Pictures in the material below are to be left out, and only the lines from the line with "3月24日下午,德国University of Duisburg-Essen大学" up to and including the line with "I found Snapdex" are to be written out exactly.

* [Records for this task]
'''

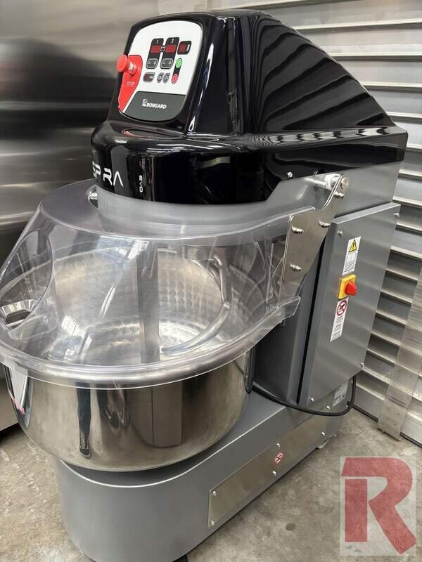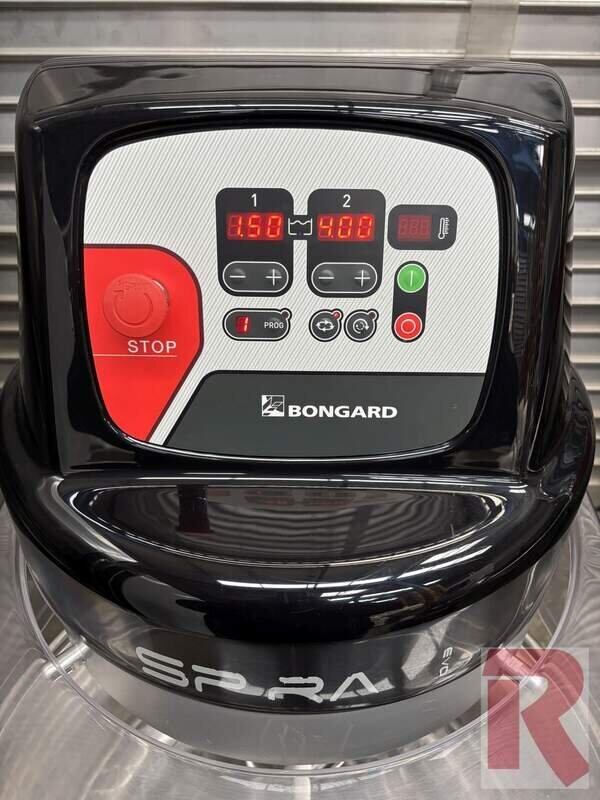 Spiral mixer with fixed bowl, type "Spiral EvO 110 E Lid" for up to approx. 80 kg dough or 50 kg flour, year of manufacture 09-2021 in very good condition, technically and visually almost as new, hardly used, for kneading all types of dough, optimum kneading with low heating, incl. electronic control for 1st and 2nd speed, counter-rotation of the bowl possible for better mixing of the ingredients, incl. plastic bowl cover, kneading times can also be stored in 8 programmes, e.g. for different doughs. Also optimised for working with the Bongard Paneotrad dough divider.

'''
'''

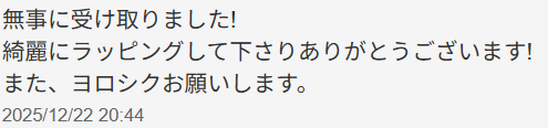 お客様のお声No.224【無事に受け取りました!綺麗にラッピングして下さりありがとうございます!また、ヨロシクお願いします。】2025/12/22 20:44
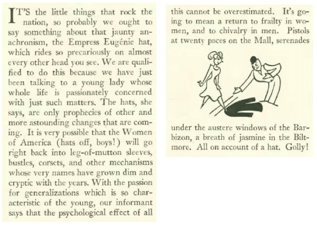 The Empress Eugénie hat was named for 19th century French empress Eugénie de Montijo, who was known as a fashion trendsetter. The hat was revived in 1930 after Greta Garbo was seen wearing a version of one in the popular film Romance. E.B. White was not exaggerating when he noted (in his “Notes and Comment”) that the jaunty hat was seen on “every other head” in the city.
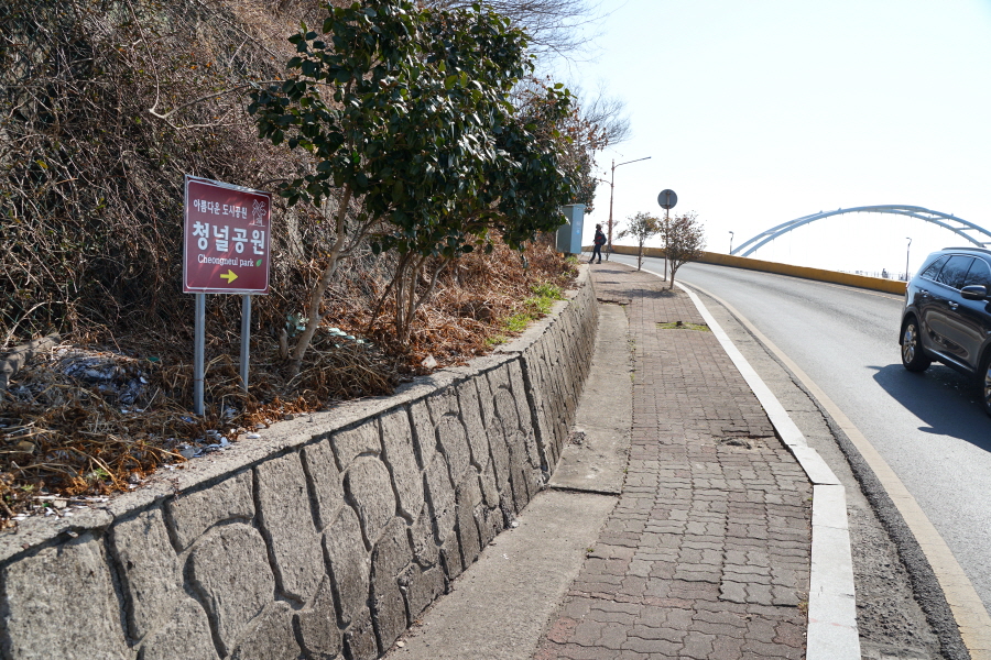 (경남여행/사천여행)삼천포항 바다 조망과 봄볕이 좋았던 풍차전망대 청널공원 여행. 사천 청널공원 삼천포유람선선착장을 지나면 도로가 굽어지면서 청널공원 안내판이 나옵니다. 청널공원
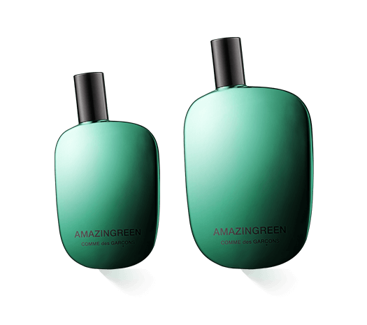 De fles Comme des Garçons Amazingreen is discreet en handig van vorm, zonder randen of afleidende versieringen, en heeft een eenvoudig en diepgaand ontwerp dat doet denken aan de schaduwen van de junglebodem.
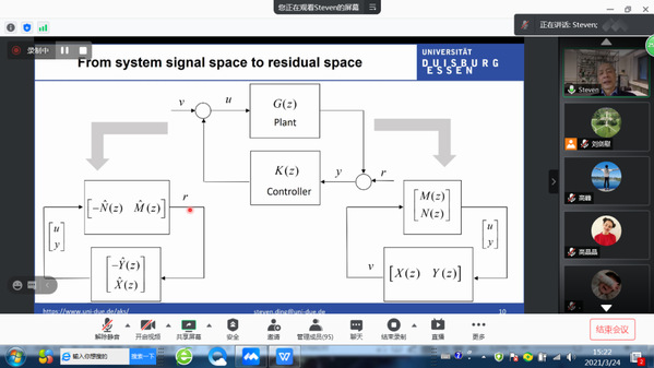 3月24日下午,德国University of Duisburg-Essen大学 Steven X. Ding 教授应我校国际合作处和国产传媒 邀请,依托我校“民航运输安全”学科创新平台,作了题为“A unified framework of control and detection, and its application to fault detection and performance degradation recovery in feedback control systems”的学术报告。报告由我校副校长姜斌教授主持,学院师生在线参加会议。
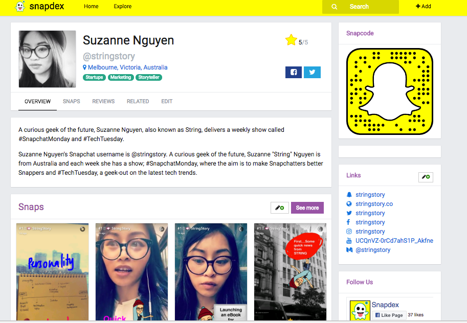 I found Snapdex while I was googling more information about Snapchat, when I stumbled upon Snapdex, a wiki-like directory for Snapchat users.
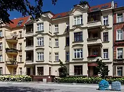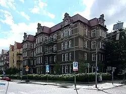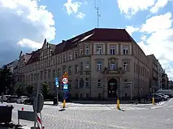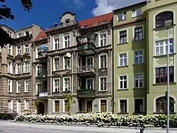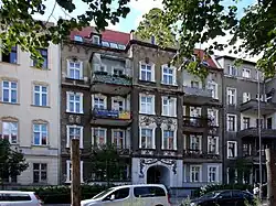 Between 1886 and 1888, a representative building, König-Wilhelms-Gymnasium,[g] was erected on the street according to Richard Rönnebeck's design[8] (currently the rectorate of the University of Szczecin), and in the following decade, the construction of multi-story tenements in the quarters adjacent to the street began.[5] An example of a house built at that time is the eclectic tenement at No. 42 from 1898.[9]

'''

* [Completed task]
 3月24日下午,德国University of Duisburg-Essen大学 Steven X. Ding 教授应我校国际合作处和国产传媒 邀请,依托我校“民航运输安全”学科创新平台,作了题为“A unified framework of control and detection, and its application to fault detection and performance degradation recovery in feedback control systems”的学术报告。报告由我校副校长姜斌教授主持,学院师生在线参加会议。
 I found Snapdex while I was googling more information about Snapchat, when I stumbled upon Snapdex, a wiki-like directory for Snapchat users.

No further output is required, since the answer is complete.